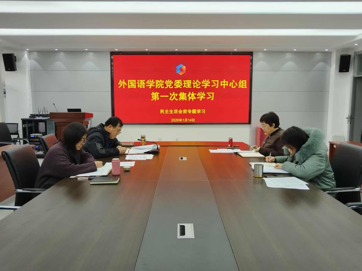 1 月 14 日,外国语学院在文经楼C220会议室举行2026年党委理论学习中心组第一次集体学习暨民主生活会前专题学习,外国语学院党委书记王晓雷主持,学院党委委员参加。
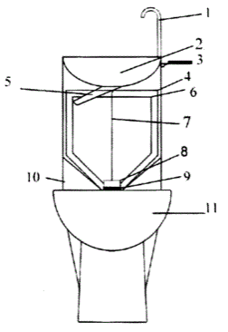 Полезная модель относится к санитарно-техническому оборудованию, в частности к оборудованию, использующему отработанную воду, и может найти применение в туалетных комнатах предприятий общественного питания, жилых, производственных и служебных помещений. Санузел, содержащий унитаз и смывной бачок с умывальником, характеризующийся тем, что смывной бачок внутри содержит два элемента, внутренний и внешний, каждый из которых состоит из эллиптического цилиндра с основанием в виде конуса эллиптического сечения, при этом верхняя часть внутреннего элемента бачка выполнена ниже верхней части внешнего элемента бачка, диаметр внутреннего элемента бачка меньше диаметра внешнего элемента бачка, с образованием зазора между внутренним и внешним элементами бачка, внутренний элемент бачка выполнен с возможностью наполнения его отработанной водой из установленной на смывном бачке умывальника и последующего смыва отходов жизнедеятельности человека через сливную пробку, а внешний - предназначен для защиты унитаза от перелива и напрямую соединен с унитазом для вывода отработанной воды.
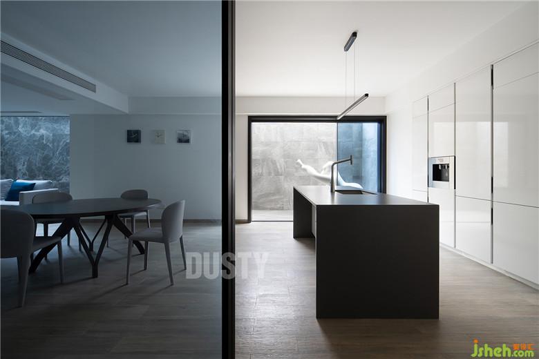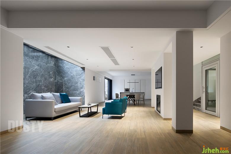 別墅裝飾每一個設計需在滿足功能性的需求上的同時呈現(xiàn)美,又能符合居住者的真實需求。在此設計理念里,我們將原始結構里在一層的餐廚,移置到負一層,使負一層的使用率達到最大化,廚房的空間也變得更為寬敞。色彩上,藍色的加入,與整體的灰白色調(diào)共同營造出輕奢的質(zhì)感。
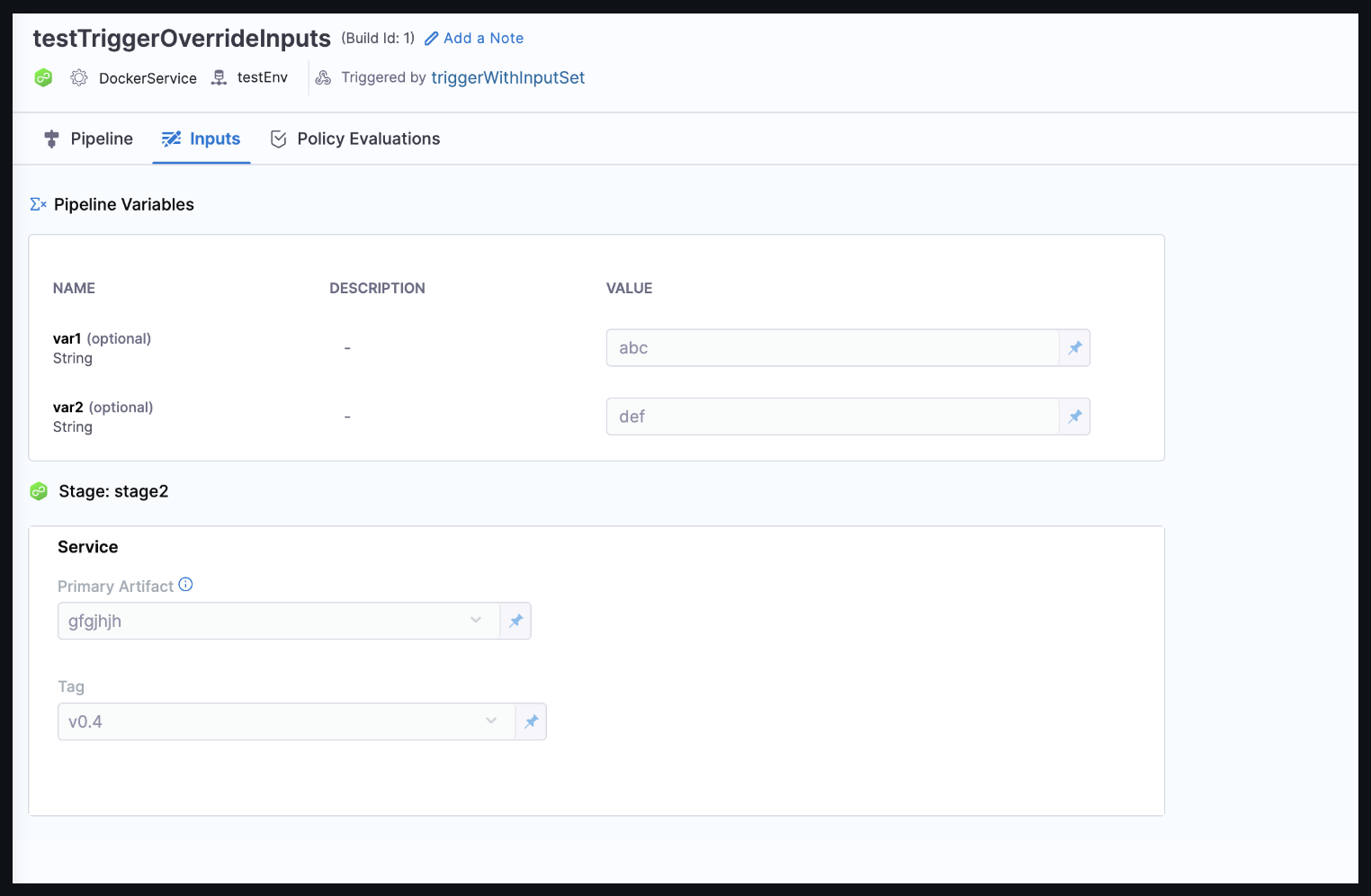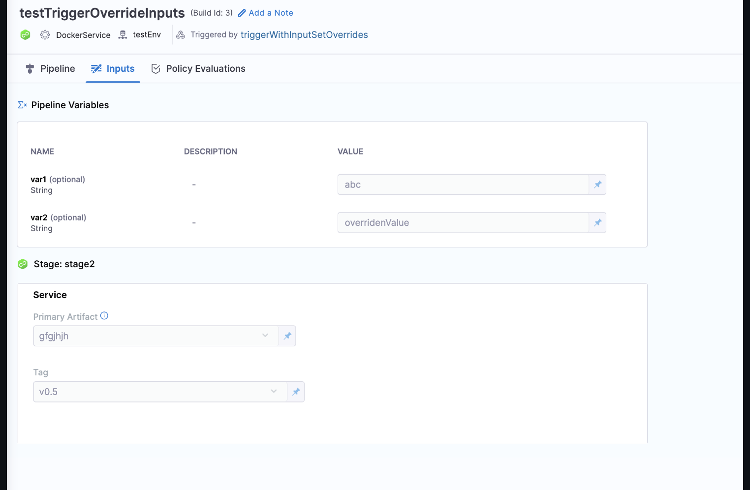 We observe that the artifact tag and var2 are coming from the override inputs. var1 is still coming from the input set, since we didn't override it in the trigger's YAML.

## The task
Leaving the pictures out, output the material exactly as it appears.

## Response to this exercise
 1 月 14 日,外国语学院在文经楼C220会议室举行2026年党委理论学习中心组第一次集体学习暨民主生活会前专题学习,外国语学院党委书记王晓雷主持,学院党委委员参加。
 Полезная модель относится к санитарно-техническому оборудованию, в частности к оборудованию, использующему отработанную воду, и может найти применение в туалетных комнатах предприятий общественного питания, жилых, производственных и служебных помещений. Санузел, содержащий унитаз и смывной бачок с умывальником, характеризующийся тем, что смывной бачок внутри содержит два элемента, внутренний и внешний, каждый из которых состоит из эллиптического цилиндра с основанием в виде конуса эллиптического сечения, при этом верхняя часть внутреннего элемента бачка выполнена ниже верхней части внешнего элемента бачка, диаметр внутреннего элемента бачка меньше диаметра внешнего элемента бачка, с образованием зазора между внутренним и внешним элементами бачка, внутренний элемент бачка выполнен с возможностью наполнения его отработанной водой из установленной на смывном бачке умывальника и последующего смыва отходов жизнедеятельности человека через сливную пробку, а внешний - предназначен для защиты унитаза от перелива и напрямую соединен с унитазом для вывода отработанной воды.
 別墅裝飾每一個設計需在滿足功能性的需求上的同時呈現(xiàn)美,又能符合居住者的真實需求。在此設計理念里,我們將原始結構里在一層的餐廚,移置到負一層,使負一層的使用率達到最大化,廚房的空間也變得更為寬敞。色彩上,藍色的加入,與整體的灰白色調(diào)共同營造出輕奢的質(zhì)感。
 We observe that the artifact tag and var2 are coming from the override inputs. var1 is still coming from the input set, since we didn't override it in the trigger's YAML.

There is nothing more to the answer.